Case-hardening (carburizing) steels contain 0.17%–0.23% carbon. During gas carburizing at 880–940°C, carbon diffuses into the surface to create a hardened layer 0.6–2.0 mm deep. The result is a surface hardness of HRC 58–62 sitting on top of a core at HRC 30–45. This combination resists rolling contact fatigue on the tooth flank while the ductile core absorbs shock loads at the tooth root.
Through-hardening steels like AISI 4140 carry higher carbon (0.38%–0.43%). After quenching and tempering, hardness distributes uniformly at HRC 45–55. Distortion stays lower and the heat treatment cycle is simpler, but contact fatigue strength drops by 30%–50% compared to carburized gears, per ISO 6336-5 load capacity calculations.

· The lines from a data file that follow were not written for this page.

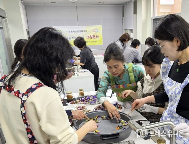 농업기술센터 누리집을 통해 모집된 16명의 교육생은 꽃차 전문가 연정삼 대표의 지도로 봄꽃과 제철 농산물의 성분과 효능, 차 문화 이론을 배우고 실습을 통해 다양한 가공법과 차 제조 기술을 익혔다.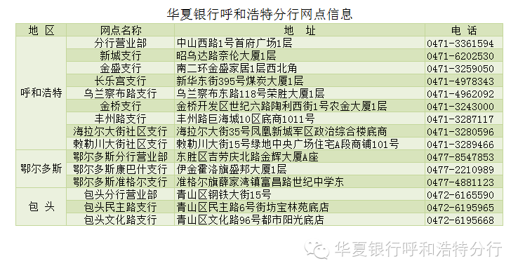 詳詢?nèi)A夏銀行各網(wǎng)點(diǎn)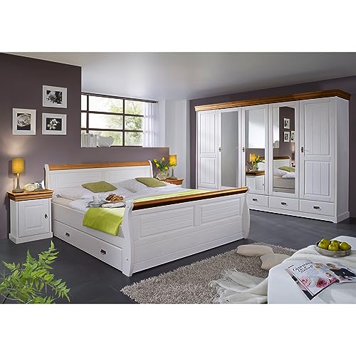 Schlafzimmer in Gänze Set SAVONA-69 in Kiefer äußerst weiß mittels honig

For most gear applications where contact stress exceeds 1,000 MPa, case hardening is the correct path. Through-hardening earns its place in shaft-type components, static-load fixtures, and applications where dimensional stability after heat treatment is the overriding concern.
20CrMnTi — The Workhorse of Asian Gear Manufacturing
Produced under China's GB/T 3077 standard, 20CrMnTi contains C 0.17–0.23%, Mn 0.80–1.10%, Cr 1.00–1.30%, and a distinctive Ti addition of 0.04–0.10%. Titanium pins austenite grain boundaries during carburizing, preventing grain coarsening and preserving bending fatigue strength.
Post-carburizing specifications are well established: surface hardness HRC 58–62, core hardness HRC 30–45, tensile strength 980–1,180 MPa, yield strength ≥785 MPa, and Charpy impact toughness ≥63 J. The standard heat treatment sequence runs normalizing at 880–900°C, carburizing at 880–940°C, quenching at 780–820°C (oil), and tempering at 150–200°C (air).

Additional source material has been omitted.